The model airplane in Figure 5.6 is flying at a speed of 13.6 m/s on a horizontal circle of radius 19.1 m. The mass of the plane is 1.20 kg. The person holding the guideline pulls it in until the radius of the circle becomes 10.6 m. The plane speeds up, and the tension in the guideline becomes four times greater. What is the net work done on the plane?
To find the net work done on the plane, we first need to find the initial and final kinetic energies of the plane.
1. Initial kinetic energy (KEi):
The formula for kinetic energy is KE = 0.5 * mass * velocity^2.
Given that the speed of the plane is 13.6 m/s and the mass is 1.20 kg, we can calculate the initial kinetic energy.
KEi = 0.5 * 1.20 kg * (13.6 m/s)^2
2. Final kinetic energy (KEf):
After the plane speeds up, the tension in the guideline becomes four times greater. This means the plane maintains the same speed of 13.6 m/s but along a new circle with a smaller radius of 10.6 m.
Since the speed is the same, the final kinetic energy will also remain the same as the initial kinetic energy.
KEf = KEi = 0.5 * 1.20 kg * (13.6 m/s)^2
3. Net work done (W):
The net work done on an object is equal to the change in kinetic energy.
In this case, the change in kinetic energy is zero since the final kinetic energy (KEf) is the same as the initial kinetic energy (KEi).

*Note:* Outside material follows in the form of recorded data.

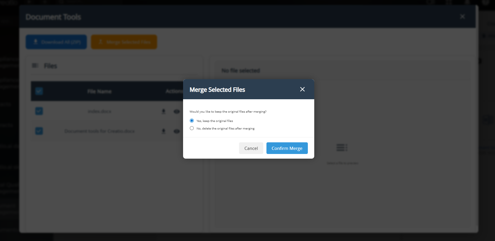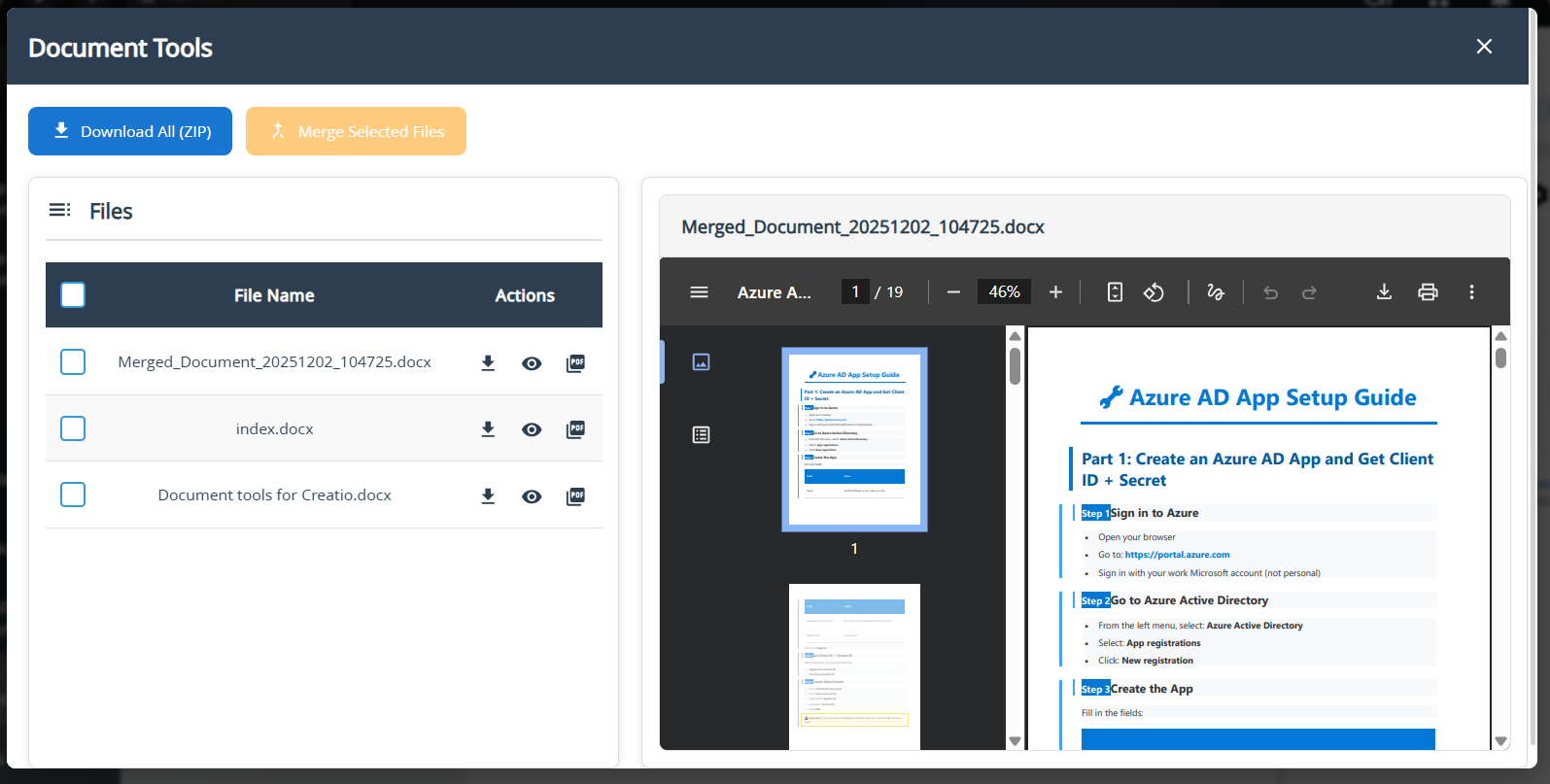This component provides users with a unified and intuitive interface for managing attachments related to any Creatio record. Leveraging Microsoft’s document processing capabilities, it offers built-in file viewing, conversion, and merging tools - eliminating the need for external applications and improving productivity across business processes.
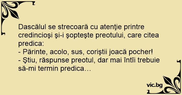 - Părinte, acolo, sus, coriştii joacă pocher!
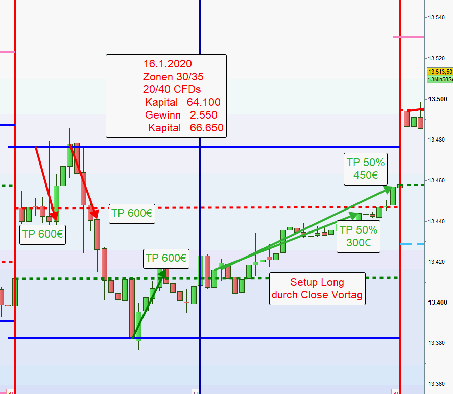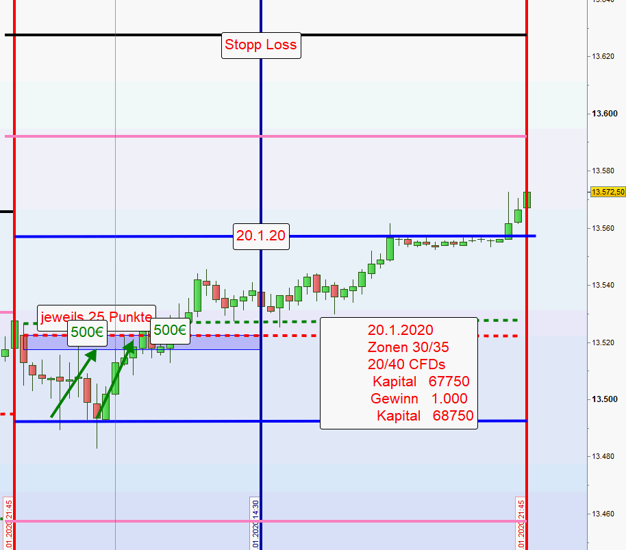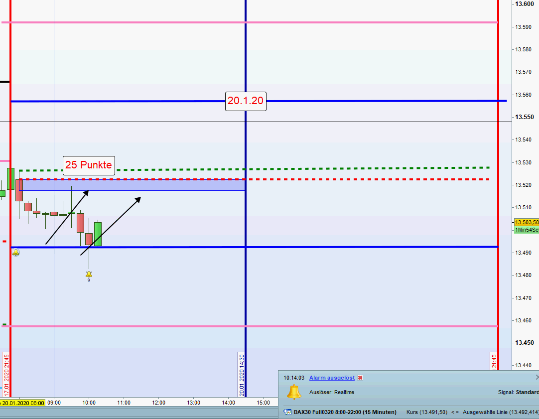 Bespiel: Laufend mit Demo Einstieg und TP mit Alarmzone üben. Zeichne im Chart, egal wo, diese Zonen ein und wenn erledigt, neue Übung. -
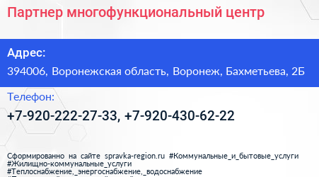 Партнер, многофункциональный центр по адресу 394006, Воронежская область, Воронеж, Бахметьева, 2Б в дальнейшем Организация, размещена в следующих категориях:
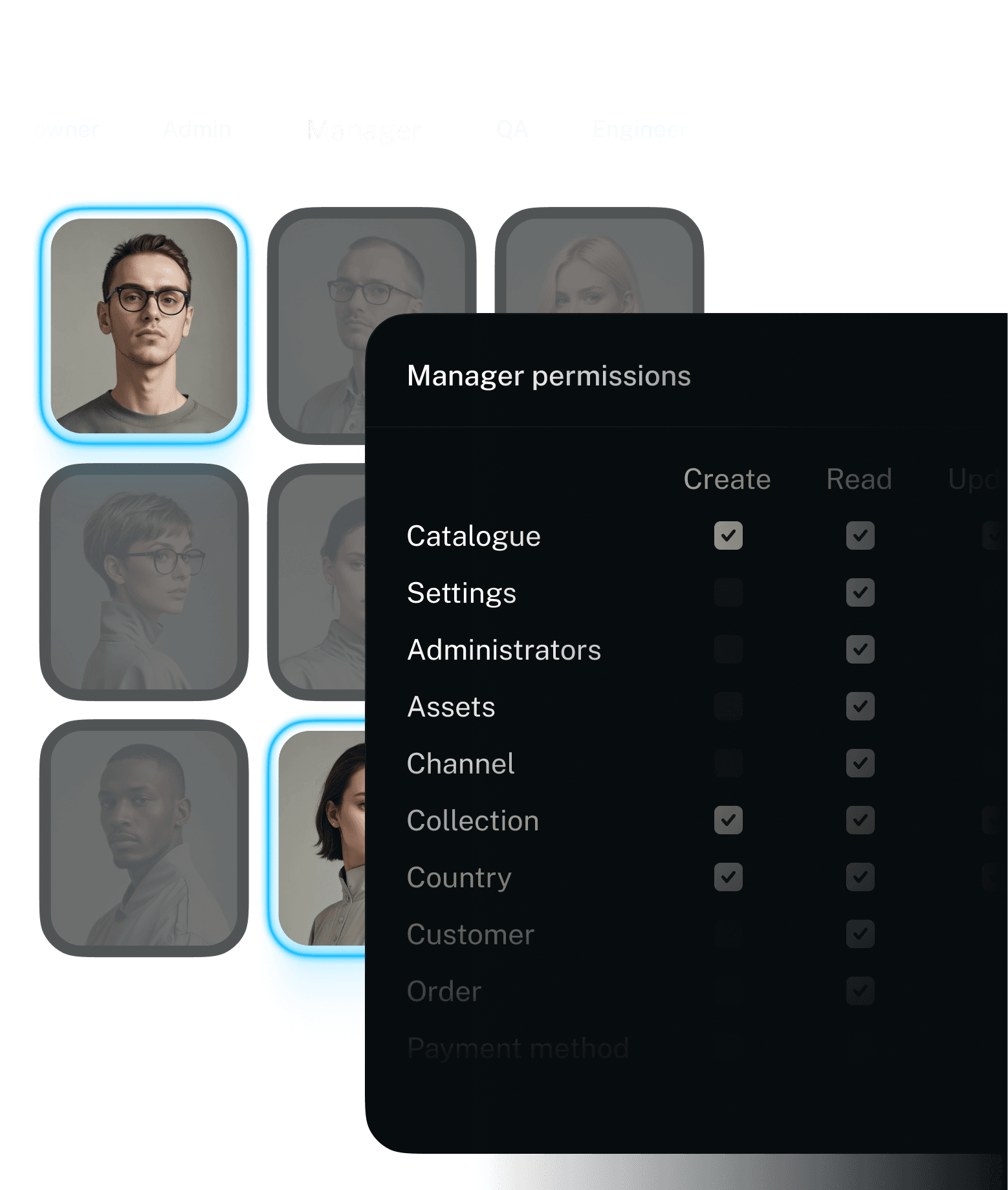 Our advanced permission system allows you to finely control user access by customizing permissions for specific features and adding your own for unique business needs. This flexibility is available across both API and Admin Dashboard.
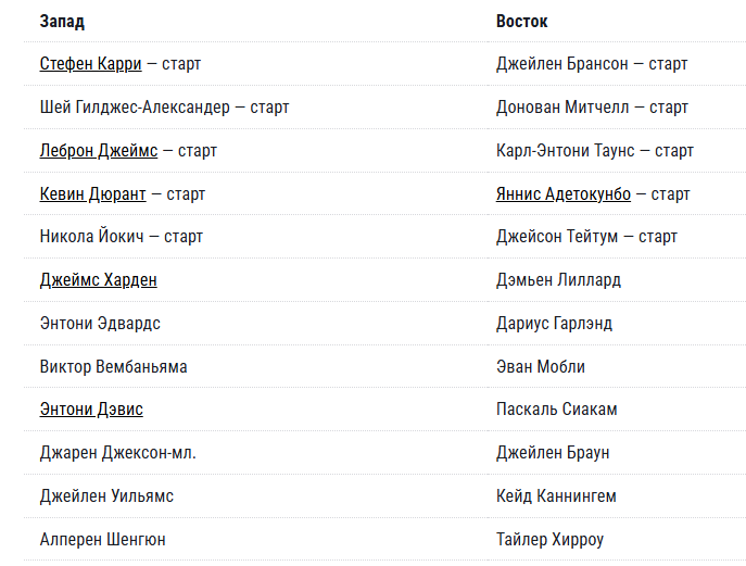 Определены окончательные составы команд на матч всех звезд. В этом году игроки зала славы а именно Шакил О'Нил, Кенни Смит и Чарльз Баркли набирали себе в команду игроков. 24 баскетболиста по 12 с каждой конференции были перетасованы и собраны в 3 команды. Четвертой командой станет команда-победитель матча восходящих звезд. Матч пройдет 14 февраля. Команда Шака Стефен Карри, Леброн Джеймс, Энтони Дэвис, Кевин Дюрант, Джейлен Браун, Джеймс Харден, , Дэмьен Лиллард, Джейсон Тейтум. Дэвис вновь сыграет со своим братишкой Леброном. А Карри с Дюрантом вспомнят былые времена золотого состава ГСВ. Как же Леблон без Карри на матче всех звезд? Команда Чарльза Никола Йокич, Яннис Адетокунбо,Виктор Вембаньяма Шей Гилджес-Александер, Донован Митчелл, Алперен Шенгюн, Паскаль Сиакам, Карл-Энтони Таунс. Глядя на этот список и трех высоченных башен, становится страшно за две оставшихся команды. Что эти зверюги будут творить под кольцом страшно представить. Команда Кенни Тайлер Хирроу, Дариус Гарлан
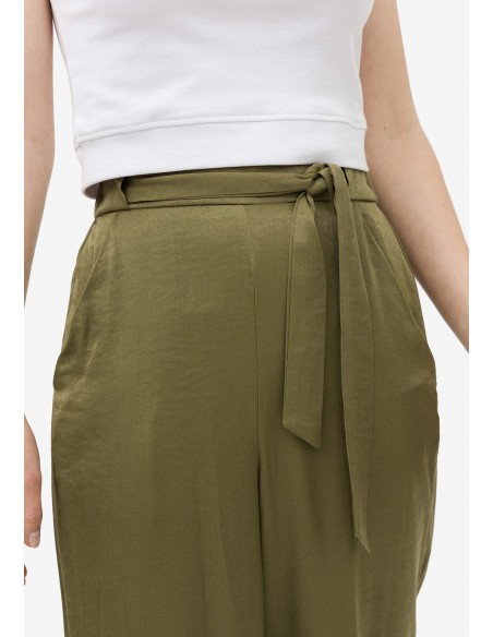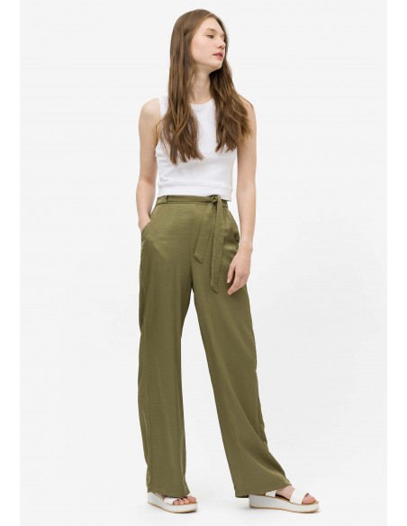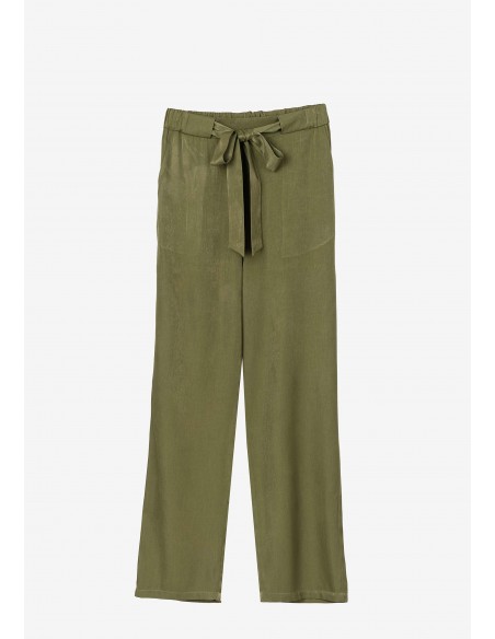 Cinturón en el mismo tejido. Elástico en la cintura a la espalda.

Therefore, the net work done on the plane is zero.
W = 0
So, the net work done on the plane is zero.
To determine the net work done on the plane, we need to find the change in kinetic energy of the plane.
The formula for kinetic energy is given by:
Kinetic Energy = (1/2) * mass * velocity^2
Let's start by finding the initial kinetic energy of the plane when it is flying at a speed of 13.6 m/s on a horizontal circle of radius 19.1 m.
Initial Kinetic Energy (KEi) = (1/2) * mass * velocity_initial^2
= (1/2) * 1.20 kg * (13.6 m/s)^2
Next, let's find the final kinetic energy of the plane when the radius of the circle becomes 10.6 m and the tension in the guideline becomes four times greater.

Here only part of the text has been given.